Featured Albums of the Month

With Escape That, Sam Sweeney has made his most personal record to date. His playing has never been more confident or fluid and the accompaniments are also stellar in their subtlety. It is gorgeous, joyous playing, possibly his best yet.

On ‘Time Was Away’, the perfectly matched Emily Portman and Rob Harbron have delivered an elegant and understated gem that’s beautifully atmospheric and gently beguiling. Take time to savour this treat; you’ll be much rewarded.

VRÏ’s ‘islais a genir’ is an album that honours variety and positively revels in its own complex, colourful identity, by turns thoughtful and celebratory. A formidable artistic and cultural statement.

With Sorrows Away, The Unthanks have graced us with their most extraordinary record to date. It is a tonic to lift the spirits and marks a momentous moment in the career of one of the greatest folk bands in the UK today.

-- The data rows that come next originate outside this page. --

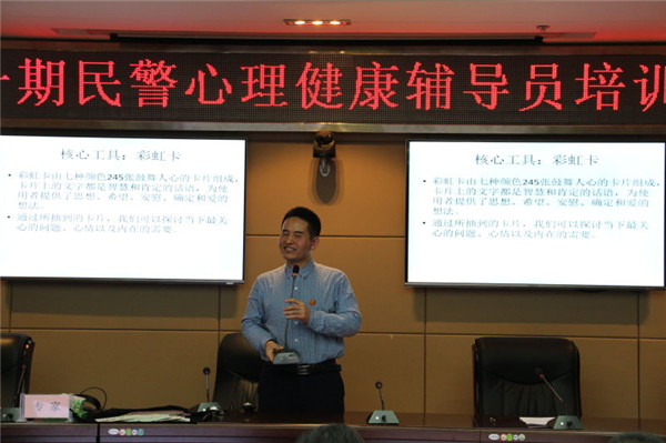 参加干警心理健康辅导员培训的多数学员是有心理咨询专业培训背景的干警和政工人员,鹿凤山老师针对参加培训干警的基本情况,从人际沟通入手,介绍了快速建立咨询关系的提问和倾听技术,以及倾听过程中的注意事项。怎么样进一步加深咨询关系?鹿老师讲解了积极关注的含义,以及在咨询中的具体应用。如何在充分理解的基础上,支持和鼓励对方?鹿凤山老师循循善诱,用积极心理学的工具彩虹卡,具体讲解了心脑成像技术中的鼓励支持技术。
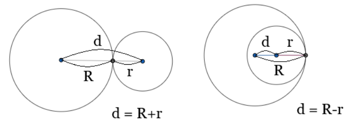else if (distance == (r1+r2) || distance == (r1-r2))
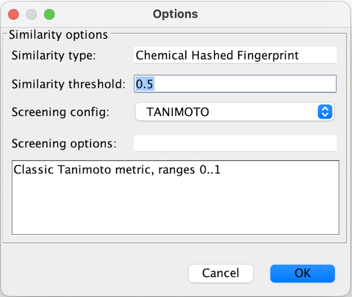 You will notice that default similarity is set to 0.5. In order to change the setting, right click the structure in Query mode and choose Options... Here you can modify Similarity threshold or change the method used to calculate Similarity (Screening config).

Saltlines is a massive, ambitious and highly unusual project; the fact that it feels perfectly judged at every moment is down to the sheer excellence of Gigspanner Big Band’s musicianship and the touching, clear-eyed nature of everything Raynor Winn writes or speaks. It is a constant delight. 

‘The Space Between’ is the sound of a band that are cooking on heat; anyone who comes into the Bonfire Radicals’ orbit is going to be hard pushed not to be swept up by this blazing folk comet.

Jake Blount’s The New Faith is an album rich with themes of hope, resilience and salvation. With a keen sense of tradition, Blount has cleverly delivered a bold, thought-provoking and judicious album…one which is also a thoroughly, staggeringly thrilling listen. Glorious.

Featuring Colm O’Connell and Rory McDaid, Rezo’s latest album ‘Sew Change’, shows that this duo are still at the forefront of presenting fresh and creative collages of sound. This is what great music is capable of being.

Featuring Sarah-Jane Summers, Juhani Silvola, Leif Ottosson and Bridget Marsden, the Siskin Quartet’s ‘Flight Paths’ is an exceptional album. Broad-reaching yet balanced, daring and compelling; I can’t recommend it highly enough.

With LAS, Brìghde Chaimbeul, Ross Ainslie and Steven Byrnes have delivered a highly accomplished album that, probably more than any other you’ll hear this year, unifies innovation and tradition.

With music that is gloriously varied, Fara’s Energy Islands is a brave, wildly original almost-concept album from one of the finest folk bands in Scotland. It’s an exquisite album.

The Wilderness Yet’s ‘What Holds The World Together’, shows them to be a band steeped in both the English and Irish folk traditions, but with a fresh, confident edge and a clear idea of what they want to achieve. This is surely one of the folk albums of the year.